WHAT THE TASK REQUIRES: Your output should repeat the entries below exactly. It should contain no images.

● ● ● ●

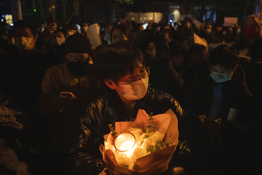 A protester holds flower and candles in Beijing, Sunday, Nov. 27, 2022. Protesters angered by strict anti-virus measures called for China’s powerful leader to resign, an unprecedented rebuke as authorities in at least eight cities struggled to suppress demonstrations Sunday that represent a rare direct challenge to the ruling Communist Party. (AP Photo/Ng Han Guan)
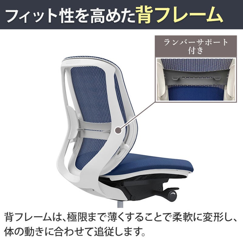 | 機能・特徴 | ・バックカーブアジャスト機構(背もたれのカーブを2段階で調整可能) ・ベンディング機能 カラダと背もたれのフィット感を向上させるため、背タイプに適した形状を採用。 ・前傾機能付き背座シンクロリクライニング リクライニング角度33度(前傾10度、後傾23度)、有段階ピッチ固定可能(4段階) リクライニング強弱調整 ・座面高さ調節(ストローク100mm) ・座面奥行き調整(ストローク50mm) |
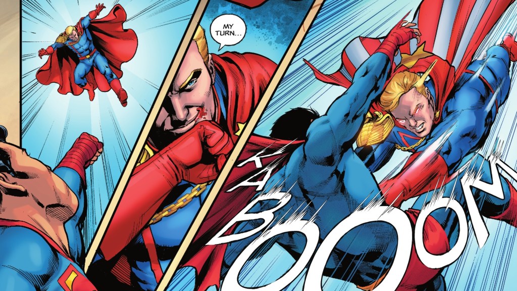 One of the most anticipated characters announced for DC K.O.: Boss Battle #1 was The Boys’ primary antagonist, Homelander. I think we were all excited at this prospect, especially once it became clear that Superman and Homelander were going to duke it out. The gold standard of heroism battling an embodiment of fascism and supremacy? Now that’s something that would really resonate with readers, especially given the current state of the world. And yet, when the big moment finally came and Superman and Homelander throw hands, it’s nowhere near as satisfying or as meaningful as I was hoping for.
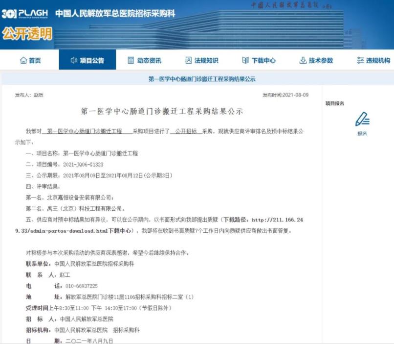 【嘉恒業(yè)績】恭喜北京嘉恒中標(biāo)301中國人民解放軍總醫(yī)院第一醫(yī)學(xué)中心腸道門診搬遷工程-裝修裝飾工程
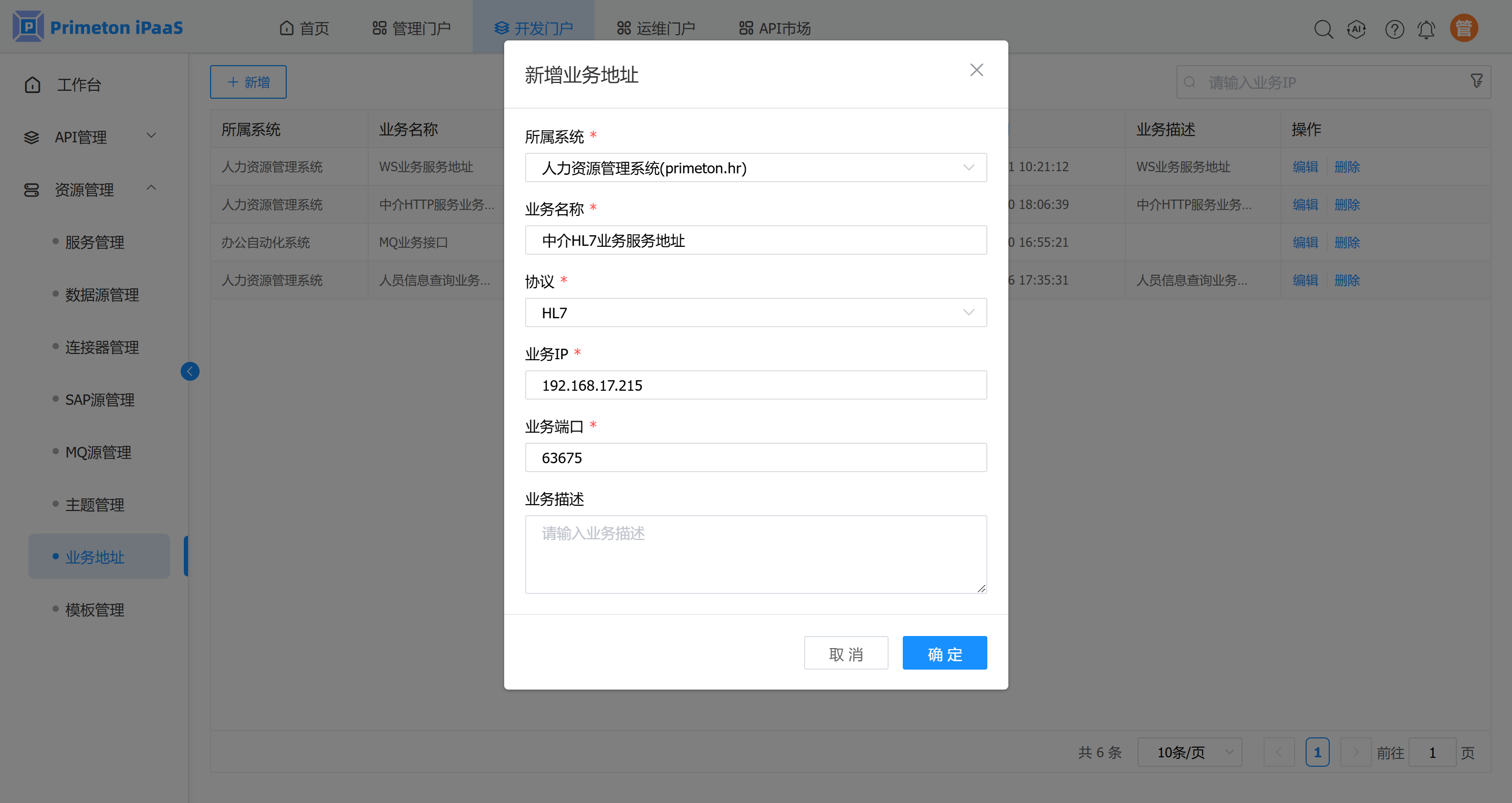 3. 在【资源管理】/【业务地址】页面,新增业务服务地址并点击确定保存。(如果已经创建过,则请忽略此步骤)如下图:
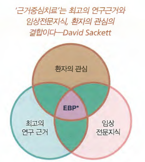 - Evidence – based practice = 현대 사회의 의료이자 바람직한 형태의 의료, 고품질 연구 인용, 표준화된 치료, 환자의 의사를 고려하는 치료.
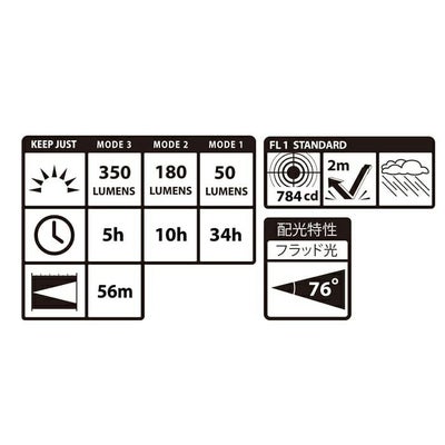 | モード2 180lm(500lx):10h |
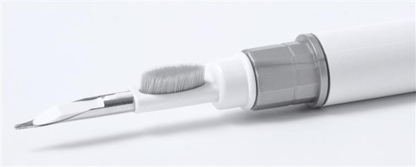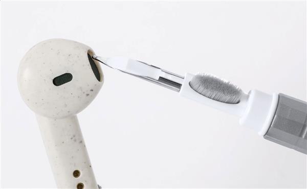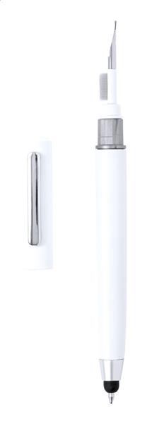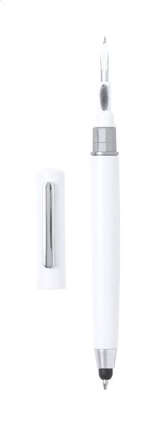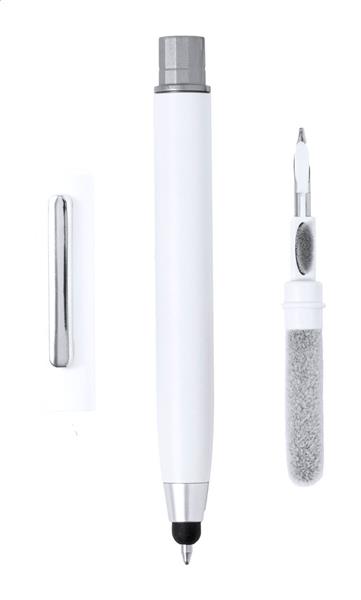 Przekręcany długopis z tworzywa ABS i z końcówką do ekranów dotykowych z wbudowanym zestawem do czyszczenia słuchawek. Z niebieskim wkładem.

● ● ● ●

ANSWER FOR THIS EXERCISE:
 A protester holds flower and candles in Beijing, Sunday, Nov. 27, 2022. Protesters angered by strict anti-virus measures called for China’s powerful leader to resign, an unprecedented rebuke as authorities in at least eight cities struggled to suppress demonstrations Sunday that represent a rare direct challenge to the ruling Communist Party. (AP Photo/Ng Han Guan)
 | 機能・特徴 | ・バックカーブアジャスト機構(背もたれのカーブを2段階で調整可能) ・ベンディング機能 カラダと背もたれのフィット感を向上させるため、背タイプに適した形状を採用。 ・前傾機能付き背座シンクロリクライニング リクライニング角度33度(前傾10度、後傾23度)、有段階ピッチ固定可能(4段階) リクライニング強弱調整 ・座面高さ調節(ストローク100mm) ・座面奥行き調整(ストローク50mm) |
 One of the most anticipated characters announced for DC K.O.: Boss Battle #1 was The Boys’ primary antagonist, Homelander. I think we were all excited at this prospect, especially once it became clear that Superman and Homelander were going to duke it out. The gold standard of heroism battling an embodiment of fascism and supremacy? Now that’s something that would really resonate with readers, especially given the current state of the world. And yet, when the big moment finally came and Superman and Homelander throw hands, it’s nowhere near as satisfying or as meaningful as I was hoping for.
 【嘉恒業(yè)績】恭喜北京嘉恒中標(biāo)301中國人民解放軍總醫(yī)院第一醫(yī)學(xué)中心腸道門診搬遷工程-裝修裝飾工程
 3. 在【资源管理】/【业务地址】页面,新增业务服务地址并点击确定保存。(如果已经创建过,则请忽略此步骤)如下图:
 - Evidence – based practice = 현대 사회의 의료이자 바람직한 형태의 의료, 고품질 연구 인용, 표준화된 치료, 환자의 의사를 고려하는 치료.
 | モード2 180lm(500lx):10h |
 Przekręcany długopis z tworzywa ABS i z końcówką do ekranów dotykowych z wbudowanym zestawem do czyszczenia słuchawek. Z niebieskim wkładem.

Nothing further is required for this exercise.